How are DFIP collar max profit and max loss calculated?
Max profit roughly equals short-call strike minus cost basis plus net premium; max loss roughly equals cost basis minus long-put strike minus net premium. Breakeven shifts by the net premium. For the DFIP collar priced from the end-of-day chain at a 30-day expiry (ATM IV 29.50%), the computed maximum profit is unbounded per contract and the computed maximum loss is unbounded per contract. Live intraday quotes will differ as the chain moves through the trading session.

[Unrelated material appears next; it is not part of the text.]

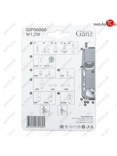 | Наименование | Лампа 24V W1.2W W2x4.6d блистер (2шт.) GANZ GANZ gip06060 |

What is the breakeven for a DFIP collar?
The breakeven for the DFIP collar priced on this page is no defined breakeven on the modeled curve at expiration, derived from end-of-day chain premiums. Breakeven is the underlying price at which the strategy's P&L crosses zero ignoring transaction costs and assignment risk. The current DFIP market-implied 1-standard-deviation expected move is approximately 8.46%; if the move sits well outside the breakeven distance, the structure's risk-reward becomes correspondingly tighter.
When should you consider a collar on DFIP?
Collars on DFIP hedge an existing long DFIP etf position; the long put sets a floor while the short call finances it, often run as a near-zero-cost hedge during expected volatility windows.
How does current DFIP implied volatility affect this collar?
DFIP ATM IV is at 29.50% with IV rank near 18.15%, which is on the low end of its 1-year range. Premium-buying structures (long call, long put, debit spreads) are relatively cheap in this regime; premium-selling structures collect less credit per unit risk.